The tale from the vertebrate-fruit fly comparison is well known. In protostomes, the mouth develops "first."  More accurately, the blastopore elongates along the future ventral midline and the mouth and anus develop at opposite ends. In deuterostomes, the gut elongates. The blastopore forms only the anus, and the mouth is formed by punching a new hole in the ectoderm along the future ventral midline. This seems very different only if one bases the comparison on vertebrates, in which mouth formation is delayed and involves some very peculiar behavior by the surrounding ectoderm. See, e.g., The Basisphenoid and Teeth: Overview.

Arendt et al. (2001) do the sensible thing and compare the surprisingly similar primary ciliated larvae of polychaete annelids and hemichordates.
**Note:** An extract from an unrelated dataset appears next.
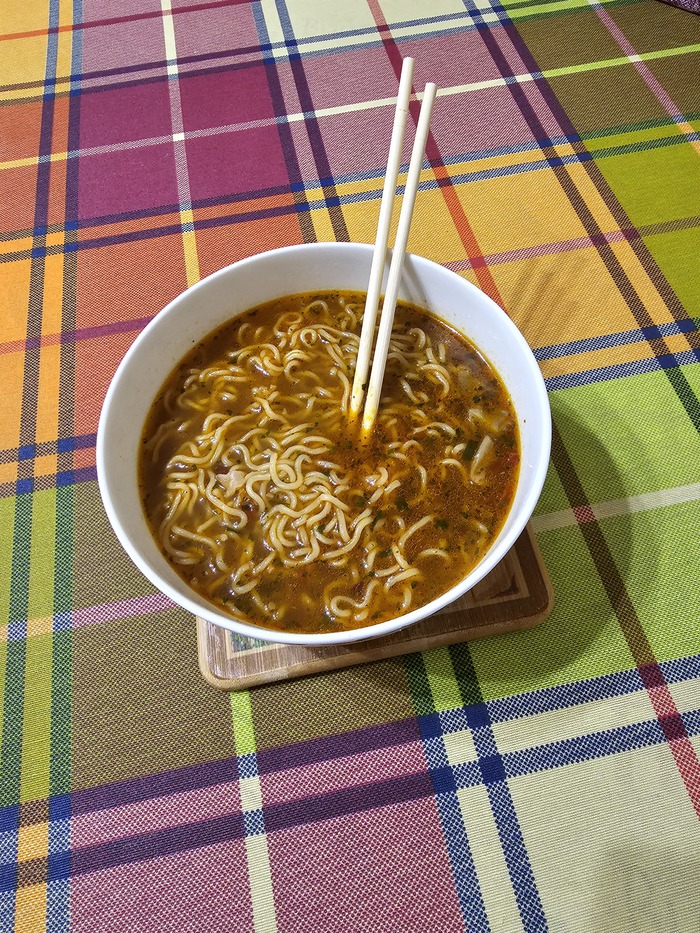 В конечном счете Андо придумал поливать тесто супом из лейки. Подсохшее на воздухе тесто он месил руками. Так получилась первая в мире лапша быстрого приготовления с куриным вкусом.

Despite the fact that these are protostome and deuterostome, respectively, their primary larvae are strikingly similar in morphology and, as it turns out, in the way they express the key transcription factors related to gut formation: otx, brachyury and goosecoid. At this point, we are moved to remind the enthusiastic reader of the teachings of Erwin & Davidson (2002). These factors may not have the same degree of priority in the developmental scheme. They may not be doing the same thing -- but it's a very pretty picture all the same.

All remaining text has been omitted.